• [Exercise details]: Locate the line containing "在使用双玻组件的过程中,重量问题是需要解决的一个难题,一般单玻组件用 3.2mm 光伏玻璃作面板,双玻可采用两块" in the material below. Copy that line and all following lines through the end exactly, omitting any pictures.

• [Dataset section]:
···
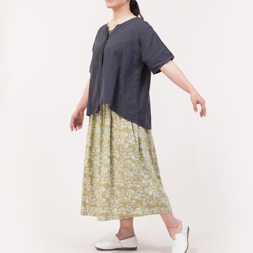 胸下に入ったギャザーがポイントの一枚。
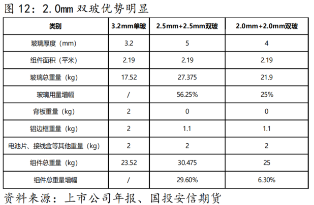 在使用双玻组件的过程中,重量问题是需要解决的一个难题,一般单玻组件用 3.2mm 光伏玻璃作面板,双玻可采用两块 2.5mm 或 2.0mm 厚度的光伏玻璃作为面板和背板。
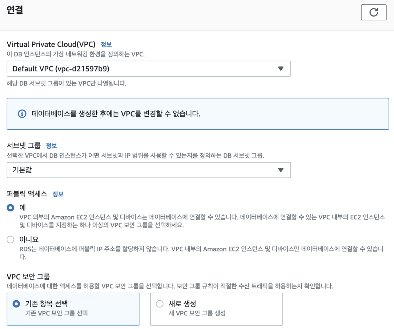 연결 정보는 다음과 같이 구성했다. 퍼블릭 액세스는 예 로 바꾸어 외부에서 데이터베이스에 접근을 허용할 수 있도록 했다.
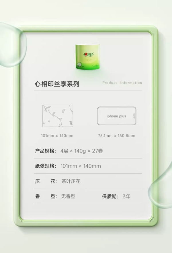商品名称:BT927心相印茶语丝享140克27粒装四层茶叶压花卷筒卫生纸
···
• [Your response]:
 在使用双玻组件的过程中,重量问题是需要解决的一个难题,一般单玻组件用 3.2mm 光伏玻璃作面板,双玻可采用两块 2.5mm 或 2.0mm 厚度的光伏玻璃作为面板和背板。
 연결 정보는 다음과 같이 구성했다. 퍼블릭 액세스는 예 로 바꾸어 외부에서 데이터베이스에 접근을 허용할 수 있도록 했다.
商品名称:BT927心相印茶语丝享140克27粒装四层茶叶压花卷筒卫生纸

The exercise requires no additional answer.